Stories

Add a connector without losing audit history

Use defenseclaw setup <connector> to add or reconfigure agent wiring while preserving audit history for every connector.

The audit DB is connector-agnostic. Every audit row records its own connector column, so adding or replacing connector wiring does not erase history. New events land under the connector that produced them; old events stay attributable to the connector that produced them.

Inspect current state

defenseclaw status
defenseclaw alerts --limit 25
tail -n 200 ~/.defenseclaw/gateway.jsonl | jq -r 'select(.connector) | .connector' | sort | uniq -c

status shows enforcement flags plus a per-connector block for every active connector. alerts lists the most recent decisions as a table. The JSONL histogram gives you a quick by-connector view of recent gateway events.

Add or reconfigure the connector

defenseclaw setup codex

If another connector is already wired, choose Add to keep both active. Choose Replace only when you want DefenseClaw to tear down the previous connector's agent-side files before wiring the new one.

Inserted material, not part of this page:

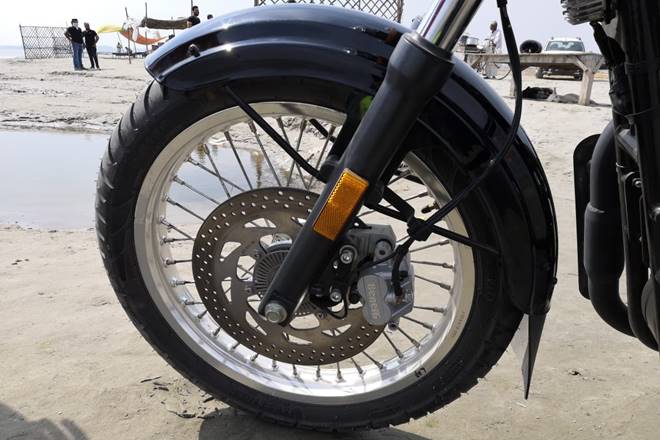 The Imperiale 400 gets a 300mm disc brake up front along with a 240mm disc brake at the rear with a standard dual-channel ABS. Both, the front and the rear have decent feedback but lack that instant bite and hence, you need to be a bit cautious while riding at high speeds on the highways.

Use --mode action when this connector should block policy hits immediately:

defenseclaw setup codex --mode action

Verify

defenseclaw doctor
defenseclaw alerts --limit 10
tail -n 100 ~/.defenseclaw/gateway.jsonl | jq -r 'select(.connector) | .connector' | sort | uniq -c

doctor confirms connector health. alerts and the JSONL histogram show new events landing under the expected connector.

What stays, what changes

Stays putChanges
Audit DB (~/.defenseclaw/audit.db)Active connector roster
Rule packs (~/.defenseclaw/policies/)Hook scripts wired in agent config
Sinks (OTLP / Splunk / webhooks)guardrail.connectors.<name> policy blocks
Historical audit attributionBacked-up agent files for removed or replaced connectors

Use Add for multi-connector hosts. Use Replace only for a deliberate one-connector workstation. To retire a connector later, run defenseclaw setup remove <connector>.

When to change connector wiring

  • Trying a different agent. Add the second connector and compare behavior from defenseclaw status and defenseclaw alerts.
  • Promoting an agent. Re-run defenseclaw setup <connector> --mode action when a connector should start blocking.
  • Demoting an agent. Re-run defenseclaw setup <connector> --mode observe while you tune policy.
  • Retiring an agent. Run defenseclaw setup remove <connector> after you stop using it.

Caveats

The audit DB is portable across connectors but not across DefenseClaw versions in some cases. Use defenseclaw upgrade, which applies release-required migrations before reporting success. Run defenseclaw migrations status afterward to inspect the durable cursor; pending entries retry on the next upgrade, not on unrelated CLI commands.